Uitspraak
RECHTBANK ROTTERDAM
1..Het verloop van de procedure
2..De vaststaande feiten
3..Het geschil
4..De beoordeling
5..De beslissing
:
Rechtbank Rotterdam
In deze zaak heeft de kantonrechter van de Rechtbank Rotterdam op 13 oktober 2021 uitspraak gedaan in een kort geding tussen De Maas Dienstverlening B.V. als eiseres en Stichting Havensteder als gedaagde. De Maas, in haar hoedanigheid als bewindvoerder over de goederen van [naam], verzocht om schorsing van de tenuitvoerlegging van een ontruimingsvonnis dat op 13 augustus 2021 was gewezen. De ontruiming was gepland op 21 oktober 2021, terwijl De Maas in hoger beroep was gegaan tegen het eerdere vonnis. De Maas voerde aan dat het belang van [naam] bij behoud van zijn woning zwaarder weegt dan het belang van Havensteder bij de ontruiming, vooral gezien de gezondheidsproblemen van [naam].
Havensteder betwistte deze stelling en stelde dat er geen nieuwe omstandigheden waren die een schorsing rechtvaardigden.
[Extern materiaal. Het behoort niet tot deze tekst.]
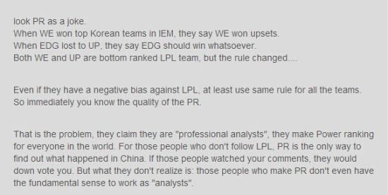 这就是问题所在,他们声称自己是“专业分析师”,给全世界炮制排行榜。对于那些甚少关注LPL的人来说,PR是唯一了解中国发生什么的渠道。但如果这些人看了拳头的评论,他们会把你们轰下台来。他们不了解的是:这些炮制排行榜的“专家”却缺乏最基本的常识。
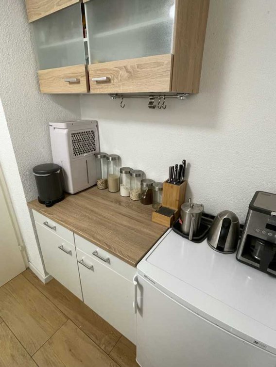 Schöne 2-Zimmerwohnung mit hochwertigem Fliesenbelag in Holzoptik mit kleinem Bad und kleiner Küche.
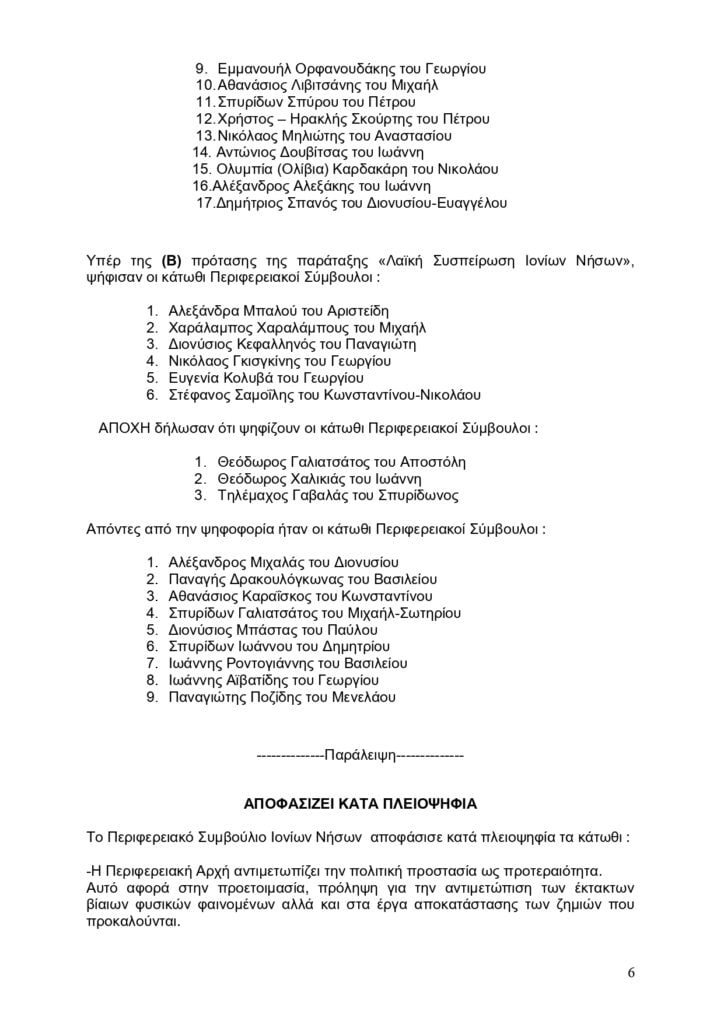 Δίνουμε στην δημοσιότητα το Πρακτικό της Απόφασης, που πέρασε κατά πλειοψηφία προς ενημέρωση όλων. Μελετώντας το, μπορεί να διαπιστώσει κανείς, τις θέσεις αλλά και την στάση κατά την ψηφοφορία, των εκλεγμένων Περιφερειακών Συμβούλων και Συνδυασμών. Ας βγάλει ο καθένας τα συμπεράσματά του.
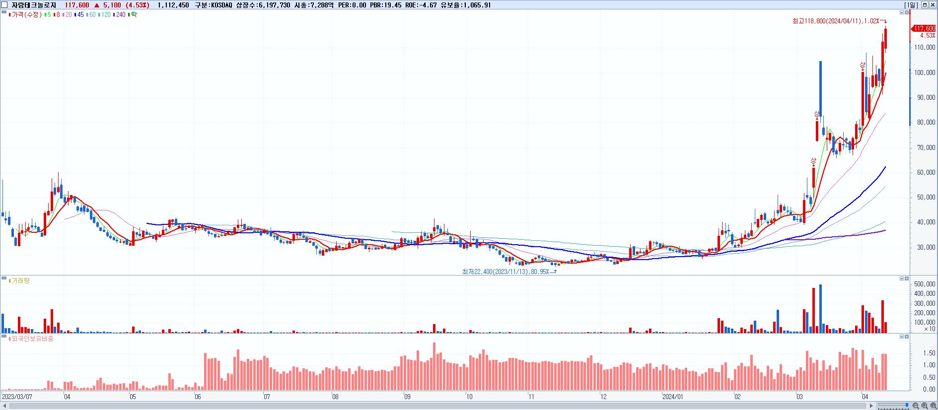 - 자람테크놀로지 (117,600원 ▲ 4.53% , 시총: 7,289억, 거래량: 1,112,450, 거래대금:1,273억, KOSDAQ)
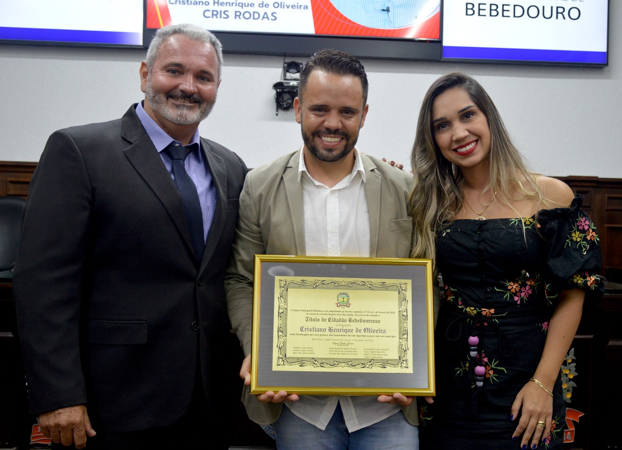 O empresário Cristiano Henrique de Oliveira recebeu na noite de sexta-feira (20), a entrega do título de cidadania bebedourense, com a presença de amigos e familiares.
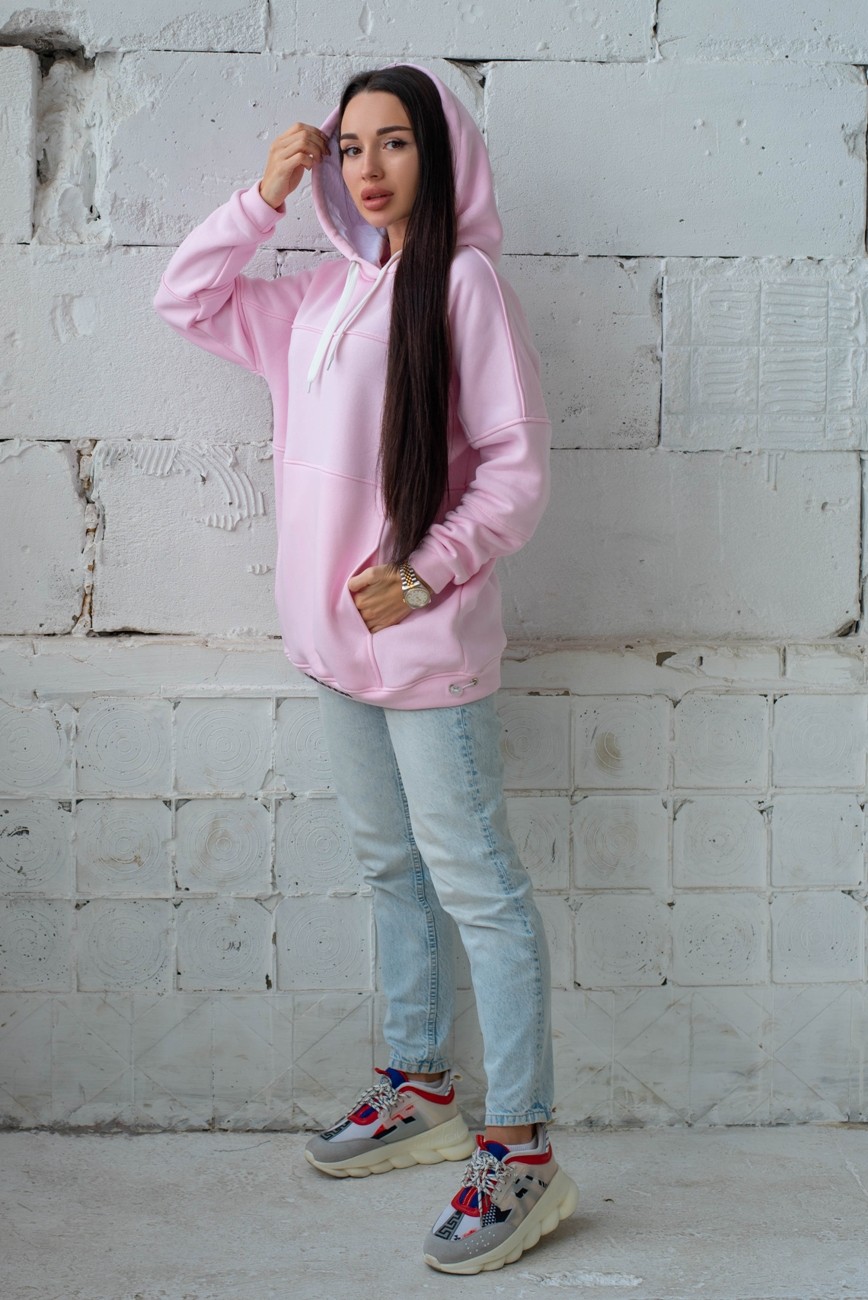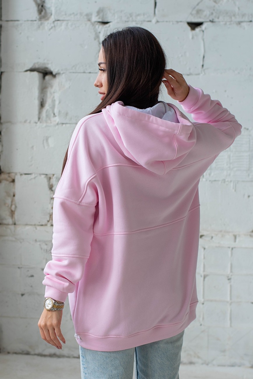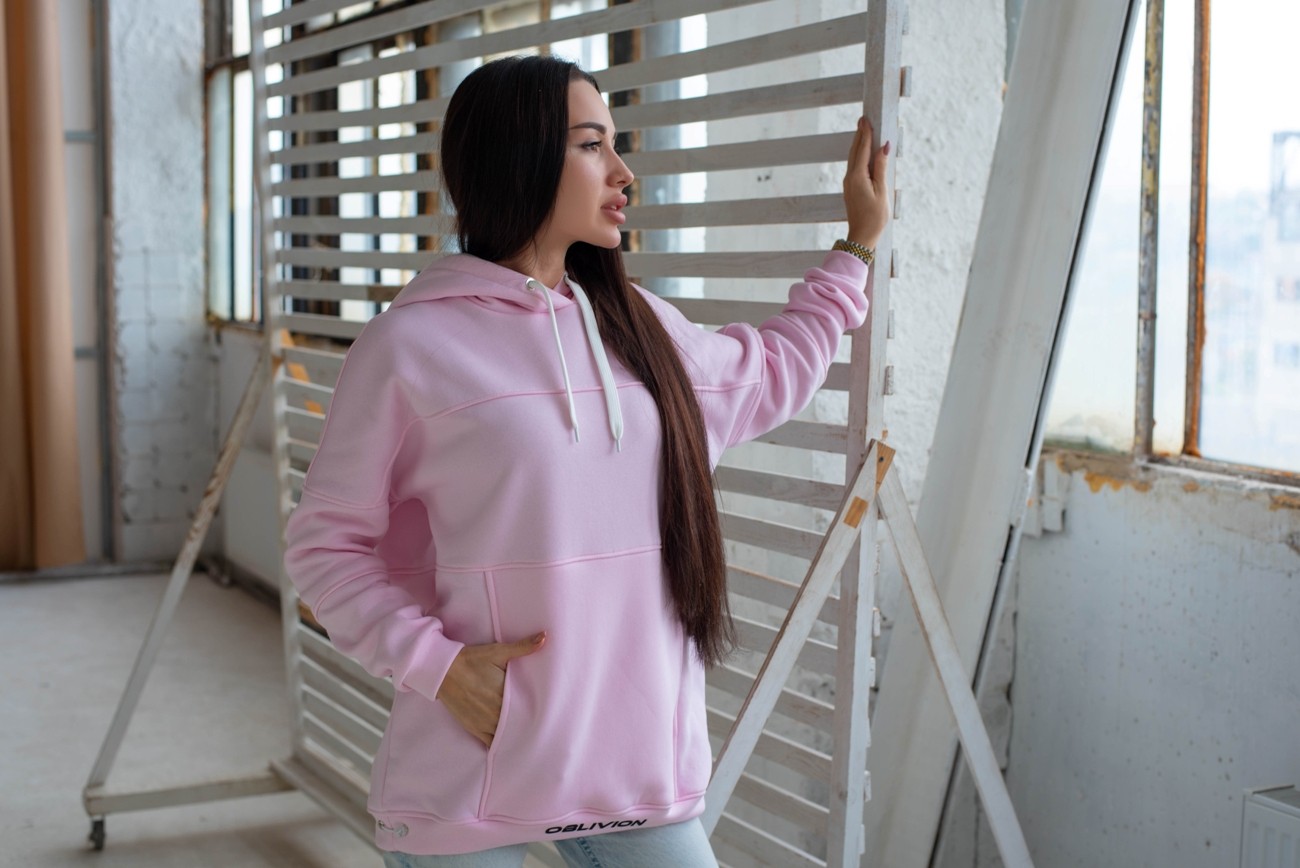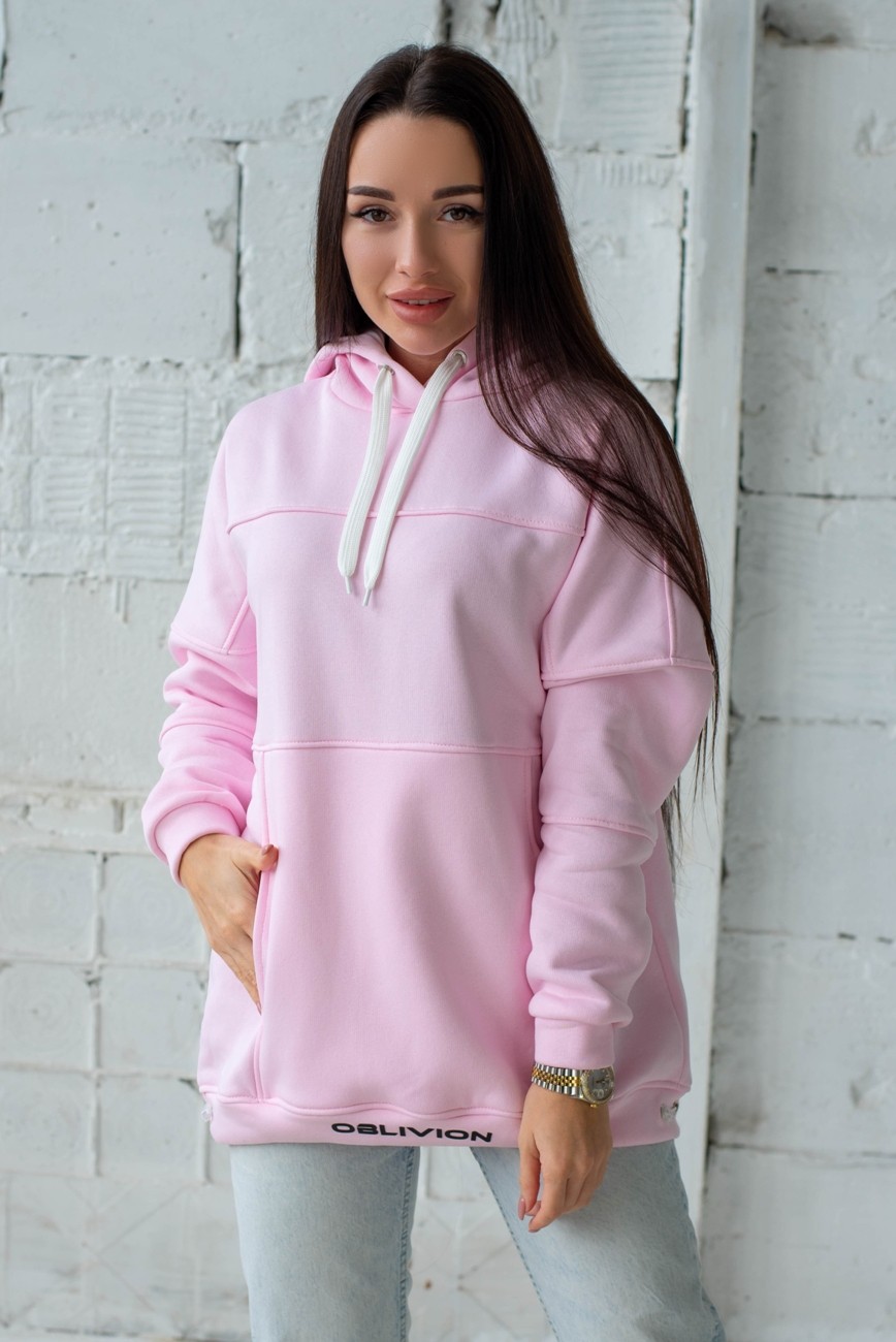 Жіночий худи на флісі з капюшоном Oversize - "Оллі" - рожевий
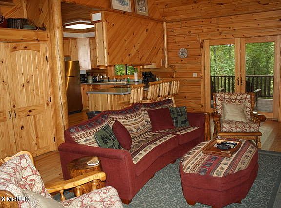 Amazingly well built dream log home on the big south branch of the Pere Marquette with 1400 ft of frontage. This beautiful home offers a rustic environment with luxury amenities. Overlook the river less than 100 ft away from the 3/4 wrap around porch or the natural wildlife of 15 private acres with an additional 67 acres available. River is well known for its fantastic supply of trout, salmon and steelhead or canoeing and kayaking. The warming living room is a perfect setting to gather by the fieldstone fireplace. Tall ceilings keep you from feeling closed in. A whirlpool hot tub and 4 different shower head options in the master bathroom are sure to please. This property truly is the perfect sanctuary for the outdoors lover without losing luxury.
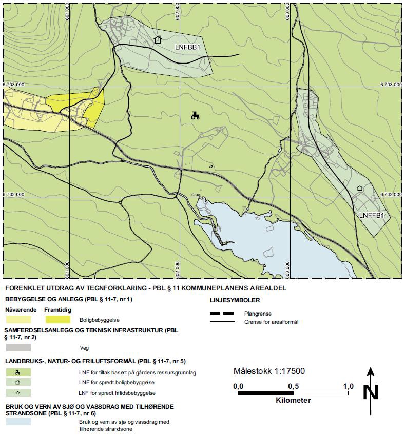 Eksempel på utsnitt fra kommuneplanens arealdel, illustrasjon på områder for spredt bolig- og fritidsbebyggelse i LNFR-område.
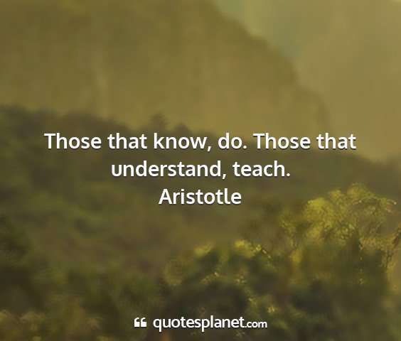 Those that know, do. Those that understand, teach.
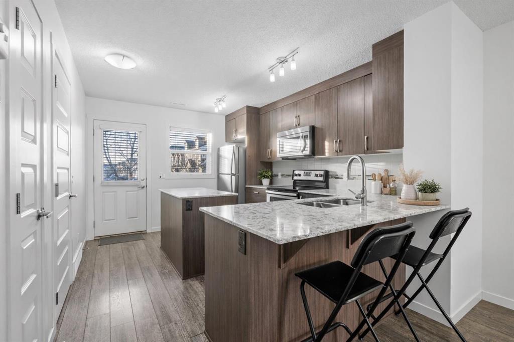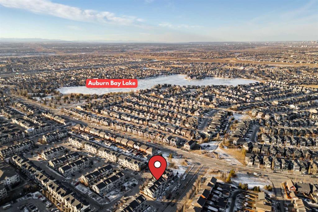 This beautifully maintained pet-friendly Auburn Bay townhouse offers the perfect balance of comfort, functionality, and location in one of Calgary’s most desirable lake communities. With low condo fees and over 1,200 sq ft of thoughtfully designed updated living space, the home is completely move in ready, featuring newer carpet, fresh paint throughout, and a brand new dishwasher for added convenience. The main floor showcases a bright, open concept layout ideal for everyday living and entertaining. The kitchen is both stylish and practical, offering ample cabinetry, a central island, pantry storage, and a seamless flow into the living and dining areas. Upstairs, you’ll find two very spacious bedrooms, each with its own private ensuite, providing excellent privacy for owners, guests, or roommates. An added bonus is the easily accessible attic, offering nearly 200 sq ft of additional storage for larger or seasonal items. Step outside to your private, large fenced green yard, a rare and inviting feature for a townhouse, perfect for relaxing, entertaining, or enjoying warm summer days. Your surface parking stall is right outside of your fenced backyard. Location truly sets this home apart. Just minutes from the Auburn Bay Lake, South Health Campus Hospital, and the vibrant Mahogany and Seton amenities, including shopping, restaurants, and entertainment, everything you need is close at hand. Enjoy unbeatable convenience with quick access to the Seton Library and the Seton YMCA, one of the largest and most impressive YMCAs in North America. Quick access to Deerfoot and Stoney Trail makes commuting simple and efficient. Ideal for first time buyers, young professionals, or downsizers seeking a low maintenance lifestyle, this home delivers exceptional value in a prime location. Don’t miss your chance to enjoy everything Auburn Bay has to offer. Pets are allowed if they are typical household pets normally permitted in urban homes. Livestock, fowl, snakes, rodents, reptiles, arachnids, and exotic pets are not allowed. Dogs and cats must be approved by the Board and kept on a leash when outside the unit. Board approval is required for more than two pets in the unit. Families in Auburn Bay have access to nearby public schools including Bayside School (K–5), Lakeshore School (Grades 6–9), and Joane Cardinal-Schubert High School (Grades 10–12). Book a showing today and view the 3D Virtual iGuide Tour!
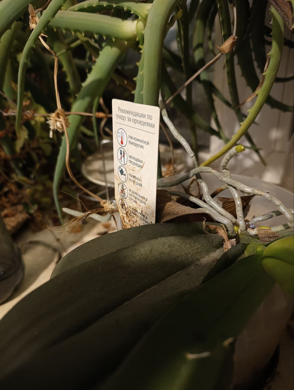 Вот 2,5 года орхидея стояла в одиночестве, ни разу не зацвела и щупальцы к свету не тянула. Я почитал про орхидеи, в тени джунглей Амозонки растут, где много много диких обезьян и прочих зверушек. В общем 2 месяца назад я ее поставил в тень к бабушкиному алоэ и смотрю она медленно и неотвратимо тянет свои щупальца к его мощной сочной ветке или стволу, не знаю как правильно это называется, но то что потянулась это факт.
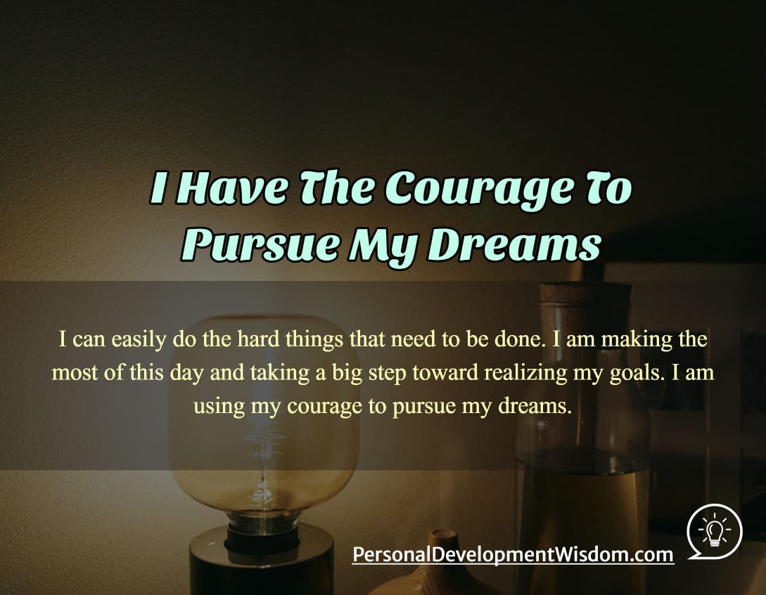 Today, I allow my courage to display itself to the world. I can easily do the hard things that need to be done. I am making the most of this day and taking a big step toward realizing my goals. I am using my courage to pursue my dreams.

De voorzieningenrechter oordeelde dat de belangen van Havensteder, waaronder het recht op ongestoord huurgenot en de veiligheid van omwonenden, zwaarder wogen dan de belangen van De Maas. De rechter volgde de argumenten van Havensteder en wees de vordering van De Maas af. De Maas werd veroordeeld in de proceskosten, vastgesteld op € 498,- aan salaris voor de gemachtigde. Dit vonnis is uitvoerbaar bij voorraad voor wat betreft de kostenveroordeling.